I have dealt w/ Dashboard now ME audio :thumbsdown: Best Buy @ Southpoint & New Hope Commons :thumbsdown: AudioExpress (they changed the name though) on Chapel Hill Blvd where the car wash is near the new Uhaul store- good service & Mike is a stand-up guy. The only problem I had there was I had to book a slot b/c they were way crowded. The place in Hillsboro behind McDonalds does good work they just had a few shady guys hanging who looked like they might be trying to find an easy come-up :uneasy:
That place on glenwood ave Sound Station seems to be cool I have only bought equipment from then no install experiences. Good Luck.


----------



## Notloudenuf (Sep 14, 2008)

iceman76 said:


> I'm looking for one too. I've heard of one here in goldsboro. I might swing by there 2moro and see what he's talking about. I'll let you know what I find out.


For you I recommend Speakerworks (by the main gate)
Come to Kinston to Audiosports (Vernon Ave. across from the mall)
Or ride to Greenville and go to Mobile Millenia (they changed their name recently and I can't remember it) beside the Arby's in front of Wal-Mart on Greenville Blvd. (Alton is the best guy in the business been working with him for 15 years)


----------



## ncsounds (Oct 6, 2010)

how about Goldsboro? I need an "experienced" and responsible person to work.


----------



## Notloudenuf (Sep 14, 2008)

ncsounds said:


> how about Goldsboro? I need an "experienced" and responsible person to work.


You are looking for employees?


----------



## ncsounds (Oct 6, 2010)

Yes.....


----------



## Sleeves (Oct 22, 2010)

Notloudenuf said:


> For you I recommend Speakerworks (by the main gate)
> Come to Kinston to Audiosports (Vernon Ave. across from the mall)
> Or ride to Greenville and go to Mobile Millenia (they changed their name recently and I can't remember it) beside the Arby's in front of Wal-Mart on Greenville Blvd. (Alton is the best guy in the business been working with him for 15 years)


Mobile Millenia in Greenville is now called Mobile Autosports. 

There's also this place in Kinston that used to be called Mobile Sounds that is under new ownership as Master Audio Creations. I hear they even have a MECP Master certified installer (shameless plug).


----------



## Notloudenuf (Sep 14, 2008)

Sleeves said:


> Mobile Millenia in Greenville is now called Mobile Autosports.
> 
> There's also this place in Kinston that used to be called Mobile Sounds that is under new ownership as Master Audio Creations. I hear they even have a MECP Master certified installer (shameless plug).


Had I known that at the time you were opened up in K-town I would have definitely gave u a plug as well. Just looked at the post date that was August...were you open then?

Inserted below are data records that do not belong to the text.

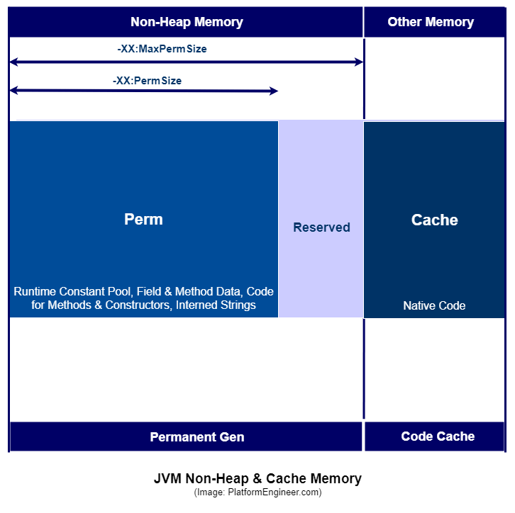但是,在JVM内部,存在单独的内存空间(堆、非堆、缓存),以存储运行时数据和编译的代码。
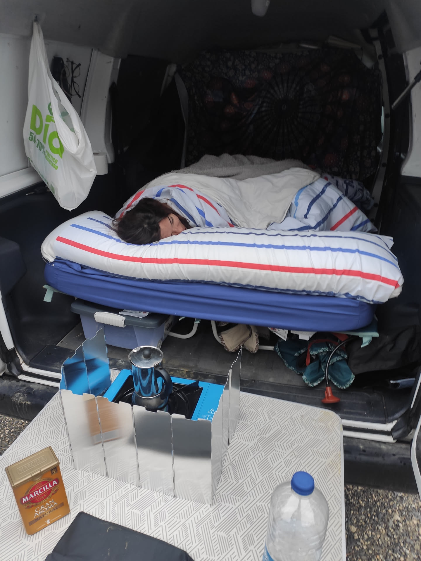 We’ve gone from an air mattress to having a mini house with just enough to live comfortably. Without homologations, without any construction work, and learning with each trip. So if you’re dreaming of van life but are held back by not having the perfect van, forget about that. Start with what you have. A mattress, a couple of boxes, and try to see if you like it. What matters is not how your van looks, but the places it takes you and the experiences you live in it.
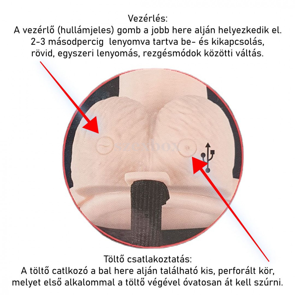 ruganyos, jó tartású anyagélethű pénisz forma, makkal, erezett felszínnel és herékkelüreges belső kialakításbeépített akkumulátortöltési idő: 120 perckészenléti idő: 70-90 perc7 rezgésmódnagyon rugalmas pántok
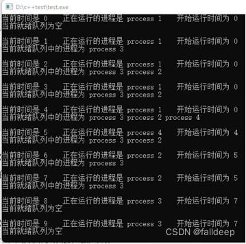 通过对比可以发现,程序运行正确,并且程序还可以输出,每一秒运行的状态,参数包括正在运行的进程名,开始运行时间,及当前就绪队列中的进程名
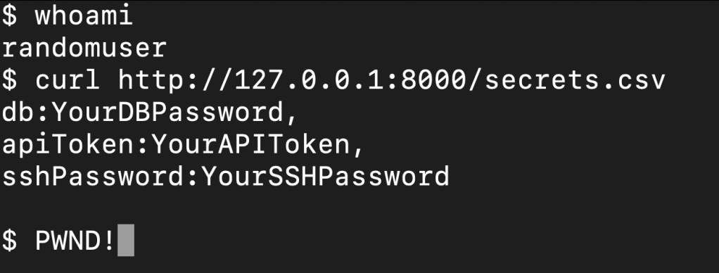 Now, all files within the /Secrets directory are exposed via HTTP server on the loopback address only …
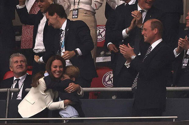 Когда на второй минуте матча британский игрок Люк Шоу забил в ворота итальянцев, Джордж не смог сдержать своего восторга. От внезапно нахлынувшей радости семилетний мальчик искренне рассмеялся, широко раскинув при этом руки, а потом поспешил крепко обнять свою маму Кейт Миддлтон.
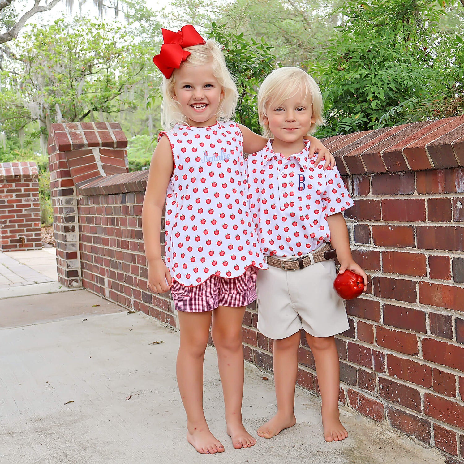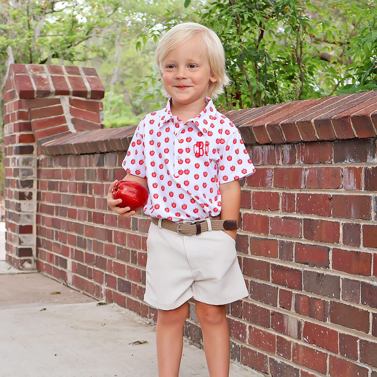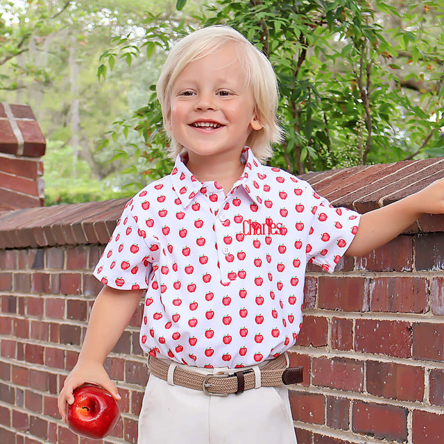 This Apple a Day Polo will become your favorite piece to mix and match for school days, and it's perfect for playtime too. The white polo features the cutest apple print in a soft knit. Add a name monogram for a personalized touch!

Not sure what this guy has decided to do but hopefully he will take some advice from up here.


----------



## Sleeves (Oct 22, 2010)

Yeah, I renamed it and took over at the beginning of July.


----------



## Torquem (Jun 27, 2009)

Good post. I just moved to the Raleigh area a couple months ago and have been trying to find someone to build a box. The places around here are OUTRAGEOUS and do shoddy work at best. I would love to find a good place to have some work done.


----------



## chithead (Mar 19, 2008)

I can vouch for Master Audio Creations - excellent knowledge and appreciation of fine audio reproduction.


----------



## thehatedguy (May 4, 2007)

C.A.R. Audio and Security in Wake Forest

Adrenaline Autosound in Clayton

Is Creative Acoustics is around?

I don't know that area too well, but CAR Audio and Adrenaline do great work.


----------



## xpsvwino (Mar 29, 2010)

I've had great results with Bosworth Audio in Charlotte.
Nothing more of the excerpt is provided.